The Online Data Express Service (ODES) in this document is defined as a convenient online service, which can transfer a large file or a bundle of files between different entities within a time limitation. The file size may be at the GB, TB level, or even bigger. The time limitation may be several hours, one day or two days.

The target approach in ODES should be more flexible and convenient than the manual hard disk express, and can be quicker than the approach of transferring directly by using the Internet and the default TCP transport protocol.

The ODES use cases include inter-cloud backup and disaster recovery, film and television editing, scientific computing, cooperation of intelligent computing centers, etc. This document also analyzes the problems that need to be considered for ODES. A related gap analysis document can be found in [I-D.zhao-tsvwg-odes-gap-analysis].

2. Use Cases of ODES

2.1. Inter-Cloud Backup and Disaster Recovery

As the development of the cloud computing industry, cloud data centers are bearing a large amount of various enterprise IT services. The storage, transmission, and protection of the massive growth data bring new challenges. For example, disaster recovery of core application data is necessary to ensure the enterprise data security and the business continuity. In the scenario of disaster recovery of the operator's traffic data, the daily data backup volume of a single IT cloud resource pool is at the TB level. The primary and backup data centers are normally built in different locations with long data transmission distances. However, they do not have high requirements for data transmission timeliness. By utilizing the tidal effect of the network, we can use the idle bandwidth at night for the transmission, so as to improve the data transmission efficiency and reduce the data transmission cost.

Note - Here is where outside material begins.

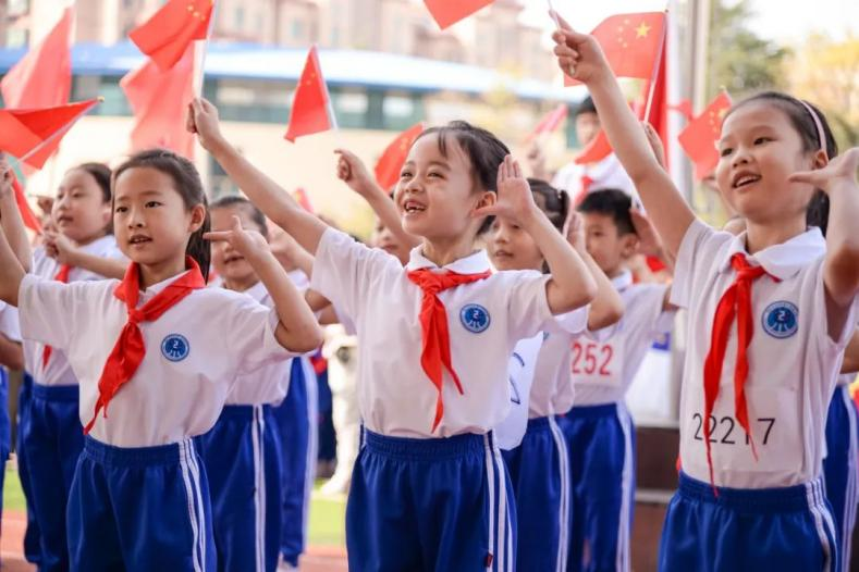 2023年10月12日,在山東省青島市城陽區(qū)第二實(shí)驗(yàn)小學(xué),學(xué)生們在秋季運(yùn)動會開幕式上進(jìn)行才藝展演。通訊員 張鷹 攝
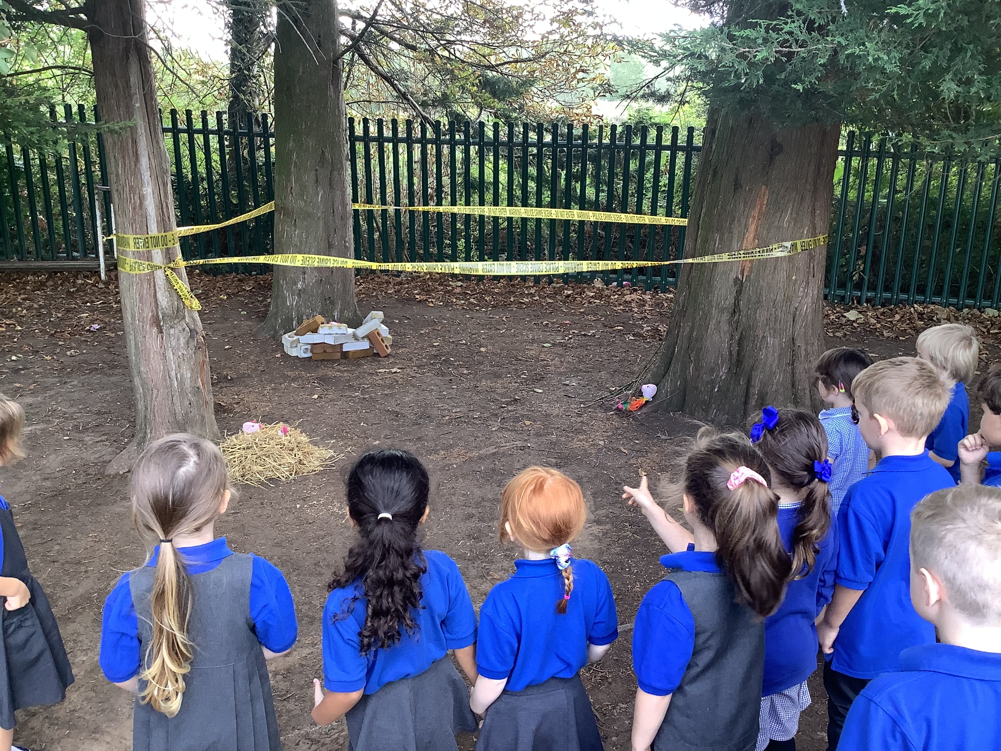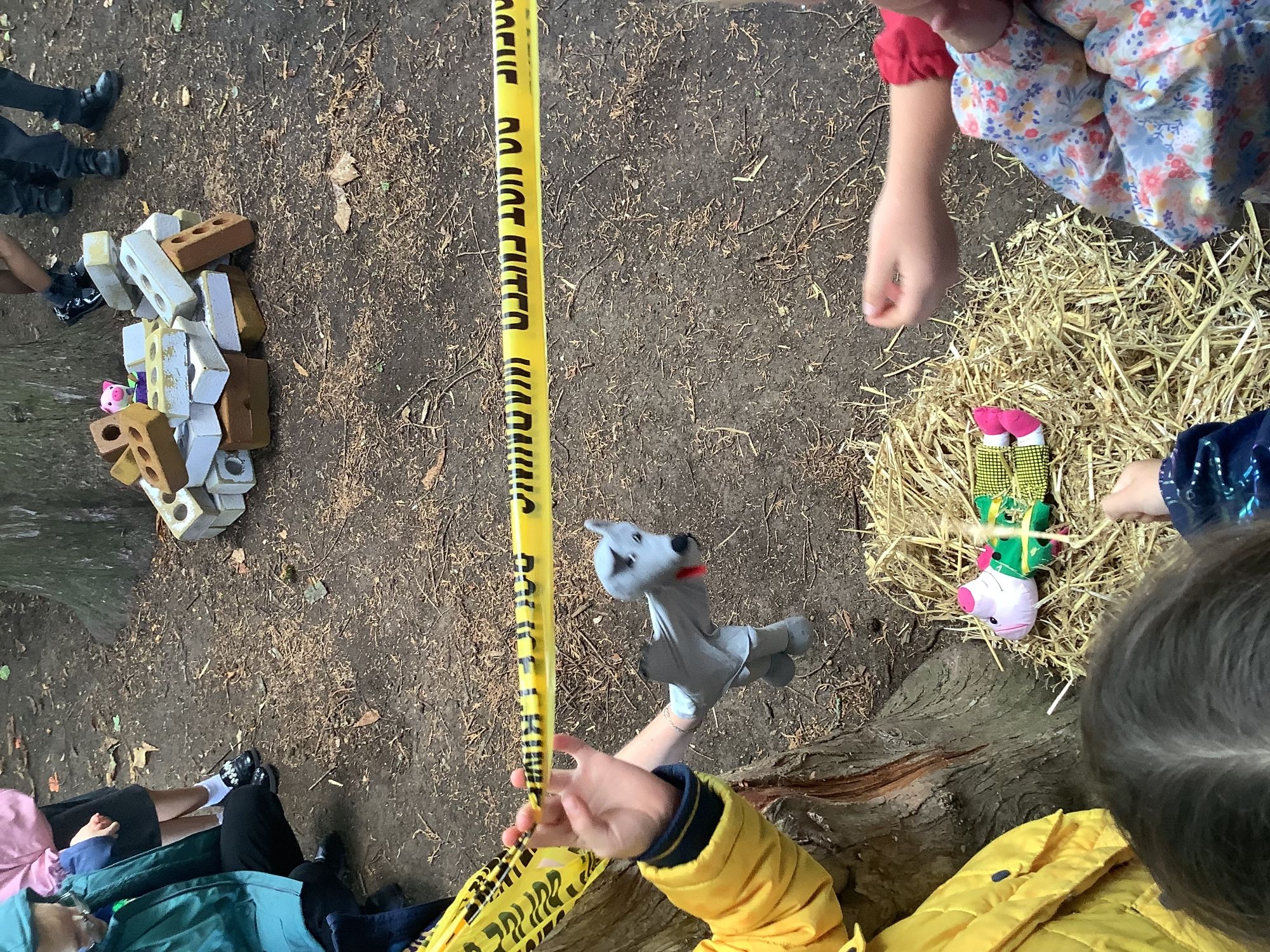 This week we were introduced to our focus text this term 'The Three Little Pigs'. On Monday, we found a crime scene out on the playground. It had been taped off and there were three different building materials left; straw, sticks and bricks. As a class, we thought about who may have left it, and what we thought the materials might be used for!

2.2. Film and Television Editing

The shooting materials for films and television variety shows need to be edited and rendered by a post-production company. Due to the uncertain shooting location, the shooting materials need to be transferred in bulk to the post-production company's site according to the shooting and production cycle. The raw material data volume of a large-scale variety show or film is at the PB level, with a single transmission of approximately 10TB to 100TB of data. The manual hard disk express method involves two times of data copies (the upload at the source, and the download at the destination), and manual handling (taking an airplane or a high-speed rail to transport the disk array). Each trip takes 2-3 days and requires dedicated personnel to operate, resulting in poor timeliness and low efficiency. How to fully utilize network capabilities and provide convenient online data movement services for the audio and video industry through online transmission while meeting timeliness and reducing labor investment costs poses new challenges to the network.

2.3. Scientific Computing

In the development of intelligent computing and supercomputing, the import and export of big data from intelligent computing and supercomputing centers is required. However, it lacks efficient and low-cost solutions, especially in supporting scientific computing scenarios such as astronomy and meteorology. Taking the calculation of FAST astronomical data of China as an example, FAST has approximate 200 observation projects per year, with a single project generating observation data of TB~PB magnitude and an annual output of approximately 15PB. If the data export is done manually, the data export application may be delayed for several months due to the lack of dedicated personnel responsible for data copy operations. In addition, data transmission and destination data import operations are very time-consuming, significantly affecting the timeliness of data acquisition. In conclusion, there is an urgent need for an efficient and economical online data transmission solution for large-scale data migration scenarios in scientific computing.

2.4. Gene Sequencing

Gene sequencing technology is becoming increasingly mature, significantly shortening the sequencing time and promoting its application comprehensively. It can provide various gene sequencing and data analysis services to scientific research institutions, medical service institutions, or individuals. Traditional gene sequencing mainly relies on local laboratory analyses, and its timeliness and scale are constrained by local computing resources, making it difficult to improve. Cloud-based gene sequencing data have gradually become an industry trend. A domestic gene company would have a gene sequencing data volume of 100PB/year, with a cloud data volume of approximately TB~100TB/time. Nowadays, the gene sequencing data source and supercomputing cloud data center are connected through a fixed bandwidth dedicated line, which is expensive and lacks of cost-effective solutions.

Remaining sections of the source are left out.